The main obligations of a condo board are maintaining the structural health of the property and financial health of the corporation. Both are related and often in conflict since maintaining structural health requires money.
Directors should have a general understanding of external building systems so they can think critically about their building, evaluate advice from consultants and make good decisions.
The exterior of a building is comprised of the roof, walls, balconies, terraces, retaining walls, fences, windows, doors, sidewalks, driveways, garage and parking lot. Each system is affected by design, physical composition, age and location.
Roof and walls of a building, its façade, provide structural integrity. They create a waterproof envelope that determines energy efficiency and protects against the elements. The façade includes windows, gutters and other features working together to facilitate energy efficiency and protection against water infiltration.
Paved areas including walkways and sidewalks, along with landscaped and grass areas, should angle away from building structures to prevent water damage that can compromise structural integrity. Walking areas should be well maintained to help prevent tripping hazards which can cause injury and be a liability issue for the corporation. Repairing cracks and potholes on surfaces is necessary to ensure proper drainage and prevent water from going to where it can cause damage.
Any area connecting a building to the outside should receive regular attention to maintain structural integrity. This includes doors, windows and balconies. Doors and balcony railings must remain safe with proper waterproofing and routing of water runoff to prevent leaks and structural deterioration. Windows and doors should be maintained to prevent drafts and water infiltration.
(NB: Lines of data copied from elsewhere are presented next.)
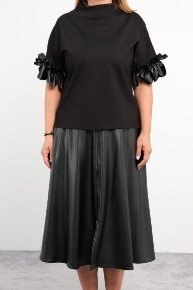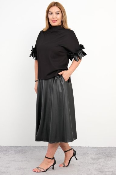 This product is a plus-size women's STELLA outfit in black color. Available sizes include 42, 44, 46, and 48. The fabric content is 65% cotton, 30% polyester, and 5% elastane. The top part of the outfit features lively ruffles on the shoulders and sleeves, adding a dynamic touch. The bottom part is a stylish skirt with a shiny appearance. The high-quality fabric offers comfort and flexibility. This design is an excellent choice for both everyday wear and special occasions.
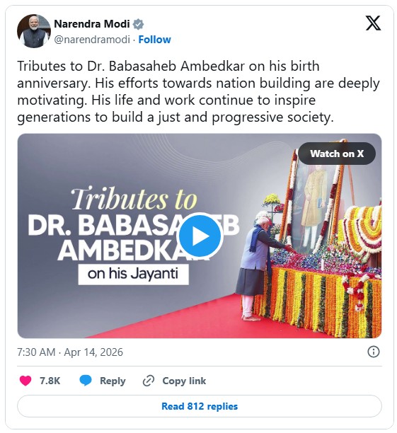 डॉ. बाबासाहेब आंबेडकर की जयंती पर उन्हें विनम्र श्रद्धांजलि। राष्ट्र निर्माण की दिशा में उनके प्रयास अत्यंत प्रेरणादायी हैं। उनका जीवन और कार्य, एक न्यायपूर्ण और प्रगतिशील समाज के निर्माण के लिए पीढ़ियों को निरंतर प्रेरित करता रहेगा।
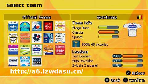 PSP版《职业自行车队经理 2009》(Pro Cycling Manager Saison 2009)将是一款模拟经营类游戏。玩家将可以组建自己的车队,进行环法比赛。在新作中将增加一些**变化,比如加入循环车道等。而像许多经营策略一样,《职业自行车队经理 2009》是一个着重以管理团队为基础的经营游戏。玩家在选择一个车队的经理或指导在选拔队员的时候,就应该明确个人的分工:正确选择每个队伍有可能拿成绩的领骑(leader),而剩下的是勤务(domestique)兼护航则有电脑担当。

These measures help reduce rust, corrosion, mould and structural damage.
There is a delicate balance between a corporation’s financial health and physical health of the property. Boards focused on cost control while ignoring deterioration, delaying repairs and maintenance can anticipate sudden and unexpected “emergency” expenses for which they are unprepared. The consequence is some combination of special assessment or loan to pay for these “emergency” expenses.
Boards should be as vigilant about the physical condition of their community as they are about its financial health. Yet construction, maintenance and upkeep are complicated to understand. Experts are needed to advise on what must be done to maintain building infrastructure.